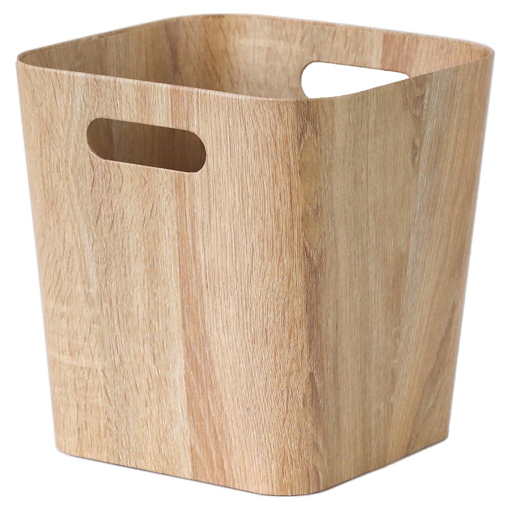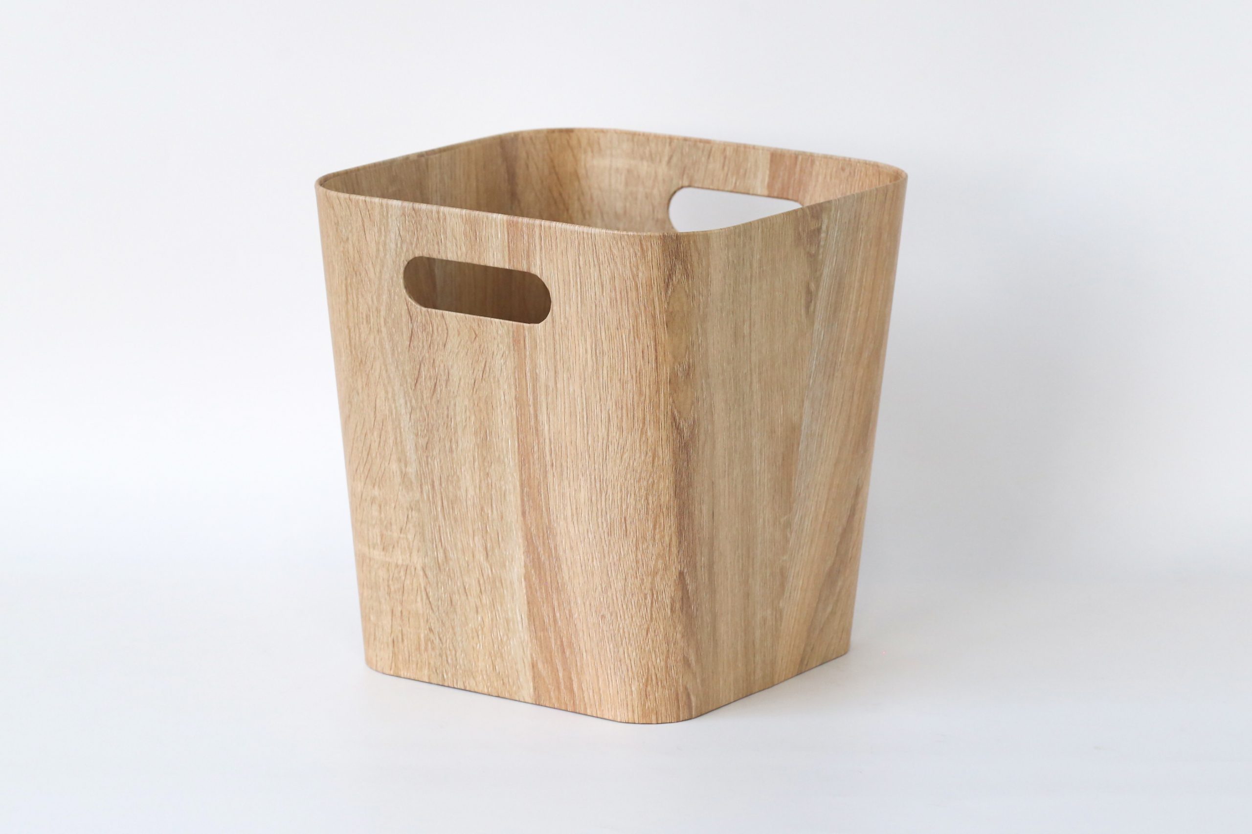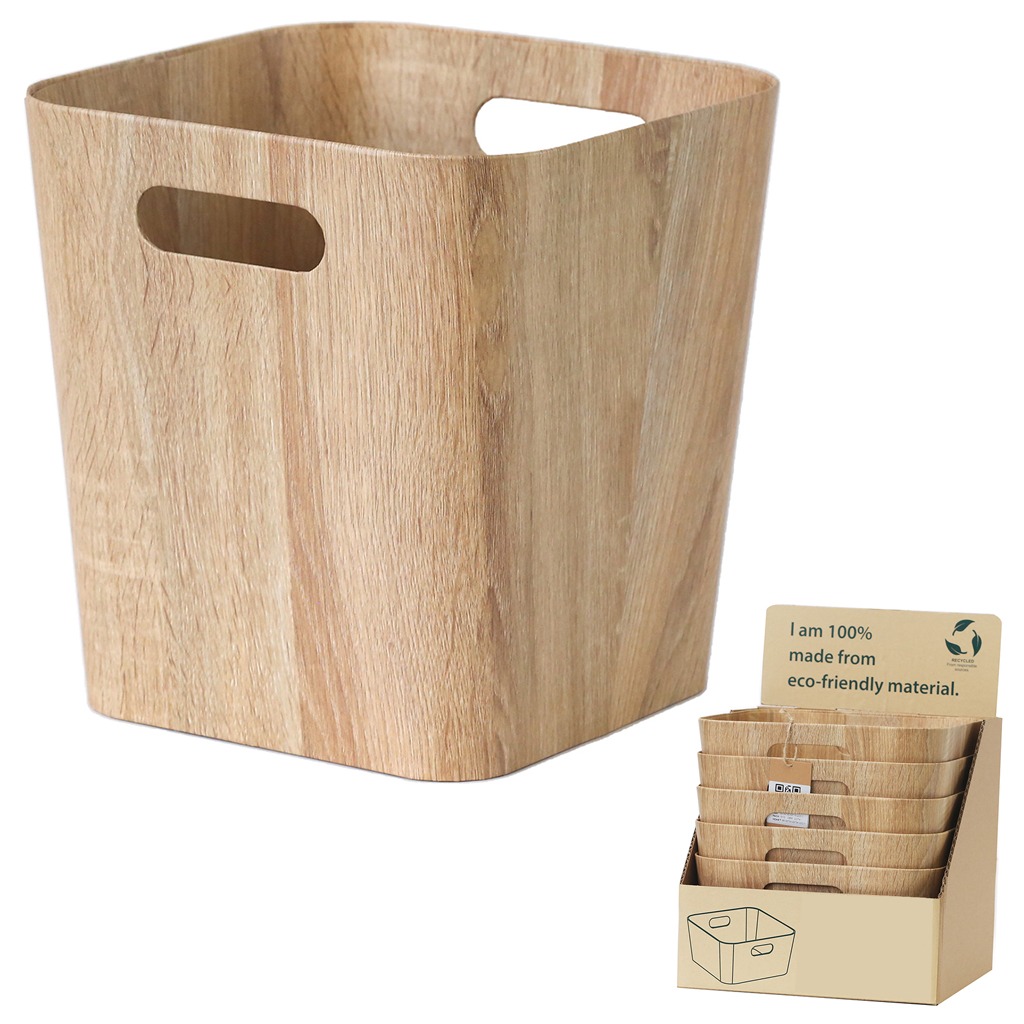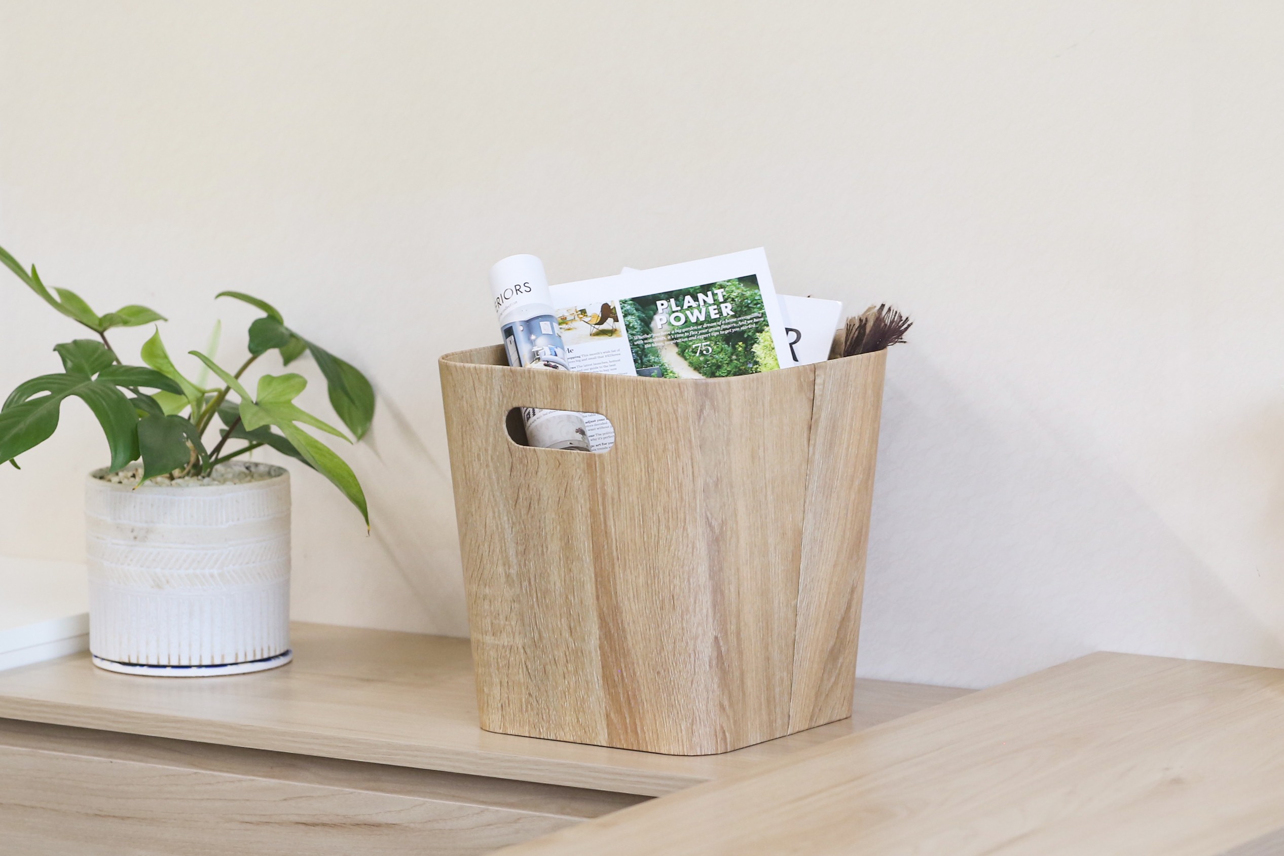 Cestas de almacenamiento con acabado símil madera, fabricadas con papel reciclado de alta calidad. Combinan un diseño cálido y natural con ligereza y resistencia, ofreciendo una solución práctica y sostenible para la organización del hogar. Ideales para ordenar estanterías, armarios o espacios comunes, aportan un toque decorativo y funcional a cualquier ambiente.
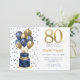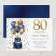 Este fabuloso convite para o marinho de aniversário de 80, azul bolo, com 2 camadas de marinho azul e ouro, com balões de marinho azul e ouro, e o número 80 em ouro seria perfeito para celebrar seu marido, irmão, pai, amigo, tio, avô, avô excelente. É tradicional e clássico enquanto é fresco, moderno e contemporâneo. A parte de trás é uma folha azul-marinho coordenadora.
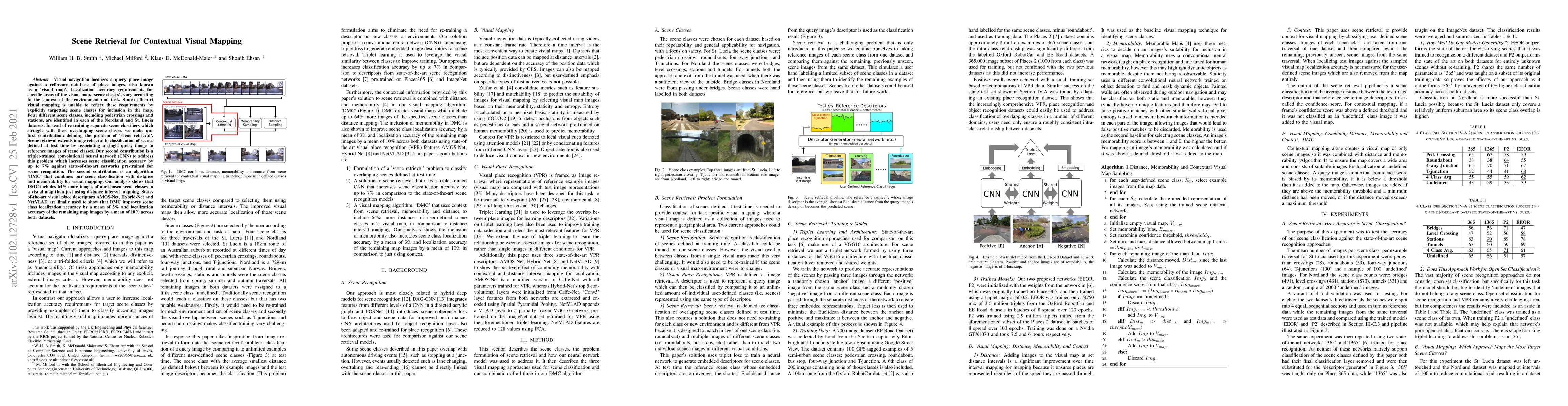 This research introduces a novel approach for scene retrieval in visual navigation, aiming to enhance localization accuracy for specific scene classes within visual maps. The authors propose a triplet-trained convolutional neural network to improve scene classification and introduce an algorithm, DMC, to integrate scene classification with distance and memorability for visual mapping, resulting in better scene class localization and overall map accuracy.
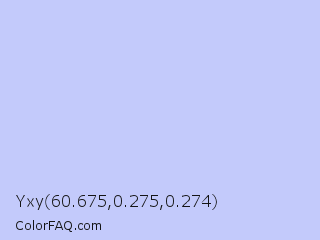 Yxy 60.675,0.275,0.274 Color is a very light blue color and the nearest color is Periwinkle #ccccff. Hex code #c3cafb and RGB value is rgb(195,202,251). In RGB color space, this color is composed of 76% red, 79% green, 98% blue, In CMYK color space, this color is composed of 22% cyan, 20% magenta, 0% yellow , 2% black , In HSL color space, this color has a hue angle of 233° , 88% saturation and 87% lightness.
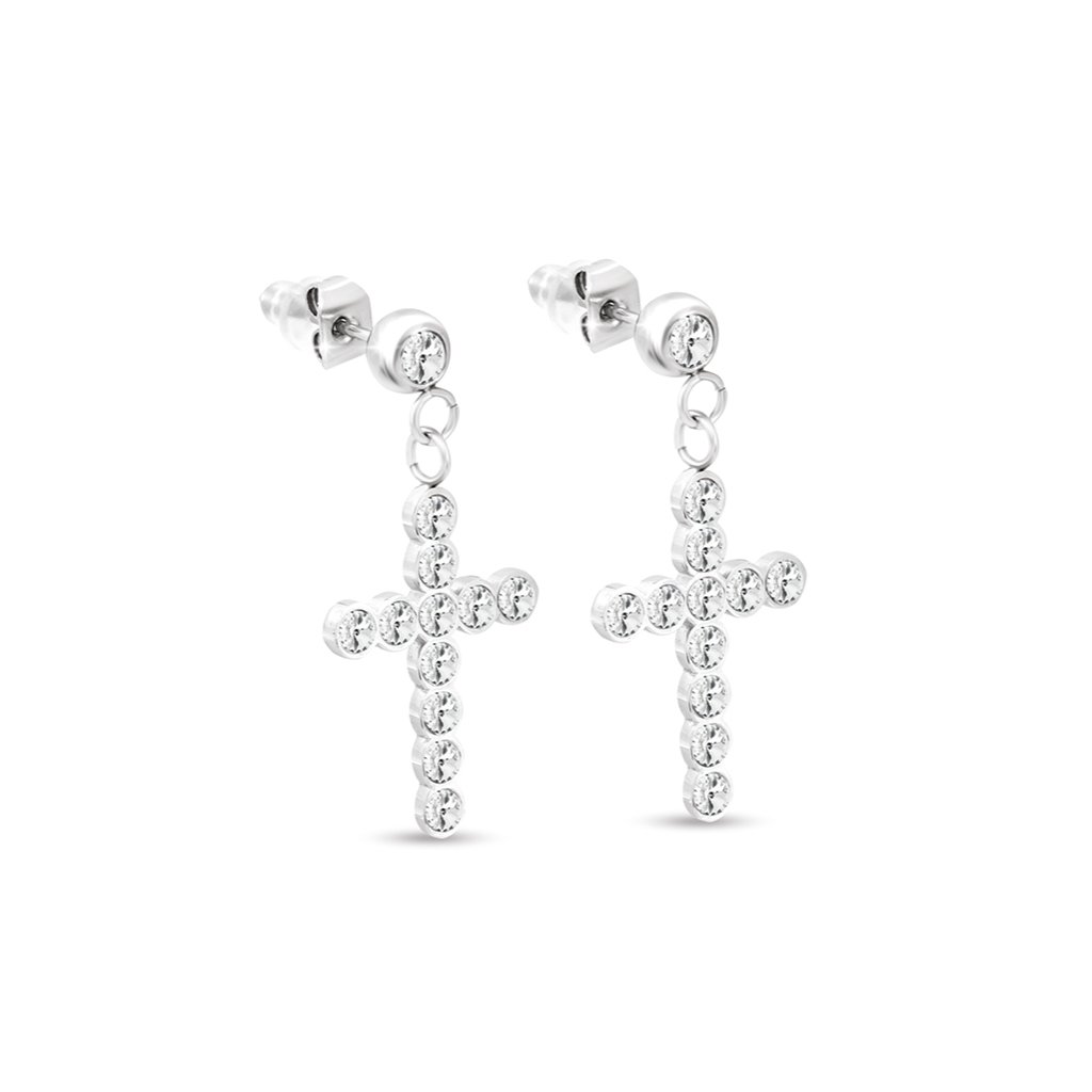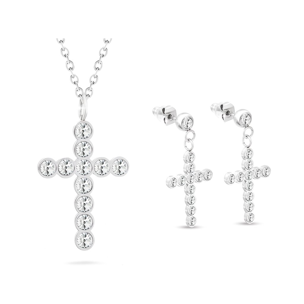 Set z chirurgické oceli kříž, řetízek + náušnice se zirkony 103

■ Problem statement ■
The required output is the exact run of lines from the start of the records through the line containing "Este fabuloso convite", both ends included, with no pictures.

■ Exercise solution ■
 Cestas de almacenamiento con acabado símil madera, fabricadas con papel reciclado de alta calidad. Combinan un diseño cálido y natural con ligereza y resistencia, ofreciendo una solución práctica y sostenible para la organización del hogar. Ideales para ordenar estanterías, armarios o espacios comunes, aportan un toque decorativo y funcional a cualquier ambiente.
 Este fabuloso convite para o marinho de aniversário de 80, azul bolo, com 2 camadas de marinho azul e ouro, com balões de marinho azul e ouro, e o número 80 em ouro seria perfeito para celebrar seu marido, irmão, pai, amigo, tio, avô, avô excelente. É tradicional e clássico enquanto é fresco, moderno e contemporâneo. A parte de trás é uma folha azul-marinho coordenadora.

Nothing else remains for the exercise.